▶ [Task]: Pictures stay out of the copy. Retype exactly, and only, the lines from the one containing "Isi buku mencakup" through the end of the listing below.

▶ [Data provided]:
+ + + +
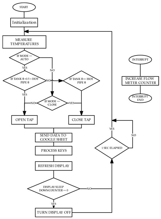 The electronic board of the control unit includes the most important components such as motorized controllable water valve CWX-15N [], five temperature sensors DS18B [], water flow sensor YF-S201 [], Node MCU module ESP8622 [], and current sensor SCT013-010 []. Important aspects of the control unit are further described below.
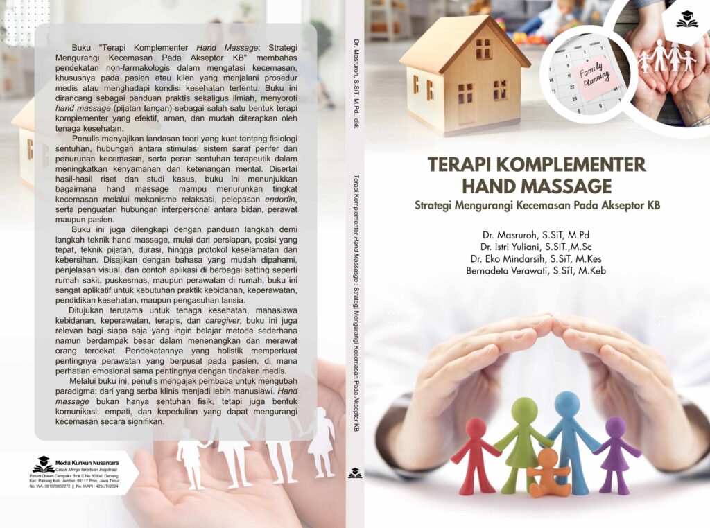 Isi buku mencakup panduan praktis teknik hand massage, durasi ideal, frekuensi pelaksanaan, serta langkah-langkah higienis yang harus diperhatikan. Buku ini juga menyajikan panduan bagi tenaga kesehatan dalam memberikan terapi ini secara efektif, sekaligus pendekatan komunikasi yang empatik kepada akseptor KB.
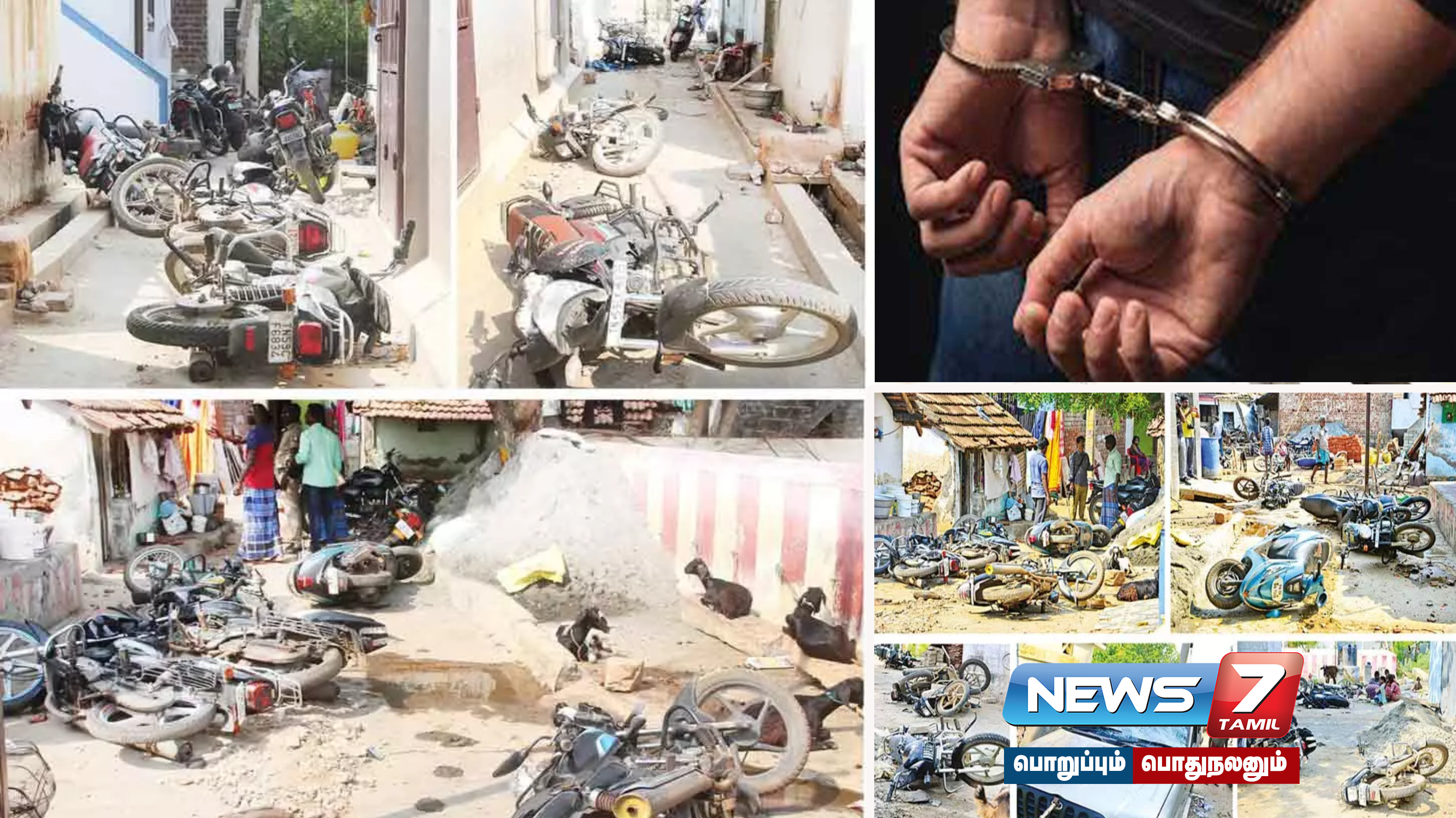 இந்த சம்பவத்தால் ஆத்திரம் அடைந்த ஒரு தரப்பை சேர்ந்தவர்கள், மற்றொரு தரப்பினர் வசிக்கும் பகுதிக்குள் நள்ளிரவில் அருவாள், வாள் உள்ளிட்ட ஆயுதங்களுடன் புகுந்தனர். அங்கிருந்த பிறகு வீடுகளின் முன்பு நிறுத்தப்பட்டிருந்த மோட்டார் சைக்கிள்கள் உள்ளிட்ட வாகனங்களை அடித்து நொறுக்கினர். இதில் ஒரு கார் உட்பட 34-க்கும் மேற்பட்ட மோட்டார் சைக்கிள்கள் சேதமானது. இதை தடுக்க வந்த அந்த பகுதியை சேர்ந்த , திருக்குமார், மணிமுத்து, பழனி குமார், செல்வகுமார், 4 பேர் மீது அந்த கும்பலை சேர்ந்தவர்கள் சரமாரியாக தாக்கினர். மேலும் அப்பகுதியை சேர்ந்த சிலருக்கு அவர்கள் கொலை மிரட்டல் விடுத்துவிட்டு தப்பினர். இந்த தாக்குதல் சம்பவத்தில் காயமடைந்த 6 பேரும் மதுரை அரசு மருத்துவமனையில் சிகிச்சைக்காக சேர்க்கப்பட்டனர்.
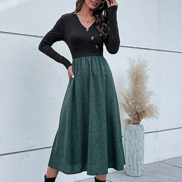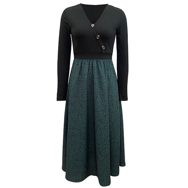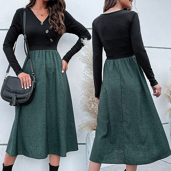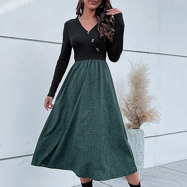 Fashion Contrast Color Buttoned V-neck Long Sleeve Printed A-line Dress
+ + + +
▶ [Response area]:
 Isi buku mencakup panduan praktis teknik hand massage, durasi ideal, frekuensi pelaksanaan, serta langkah-langkah higienis yang harus diperhatikan. Buku ini juga menyajikan panduan bagi tenaga kesehatan dalam memberikan terapi ini secara efektif, sekaligus pendekatan komunikasi yang empatik kepada akseptor KB.
 இந்த சம்பவத்தால் ஆத்திரம் அடைந்த ஒரு தரப்பை சேர்ந்தவர்கள், மற்றொரு தரப்பினர் வசிக்கும் பகுதிக்குள் நள்ளிரவில் அருவாள், வாள் உள்ளிட்ட ஆயுதங்களுடன் புகுந்தனர். அங்கிருந்த பிறகு வீடுகளின் முன்பு நிறுத்தப்பட்டிருந்த மோட்டார் சைக்கிள்கள் உள்ளிட்ட வாகனங்களை அடித்து நொறுக்கினர். இதில் ஒரு கார் உட்பட 34-க்கும் மேற்பட்ட மோட்டார் சைக்கிள்கள் சேதமானது. இதை தடுக்க வந்த அந்த பகுதியை சேர்ந்த , திருக்குமார், மணிமுத்து, பழனி குமார், செல்வகுமார், 4 பேர் மீது அந்த கும்பலை சேர்ந்தவர்கள் சரமாரியாக தாக்கினர். மேலும் அப்பகுதியை சேர்ந்த சிலருக்கு அவர்கள் கொலை மிரட்டல் விடுத்துவிட்டு தப்பினர். இந்த தாக்குதல் சம்பவத்தில் காயமடைந்த 6 பேரும் மதுரை அரசு மருத்துவமனையில் சிகிச்சைக்காக சேர்க்கப்பட்டனர்.
 Fashion Contrast Color Buttoned V-neck Long Sleeve Printed A-line Dress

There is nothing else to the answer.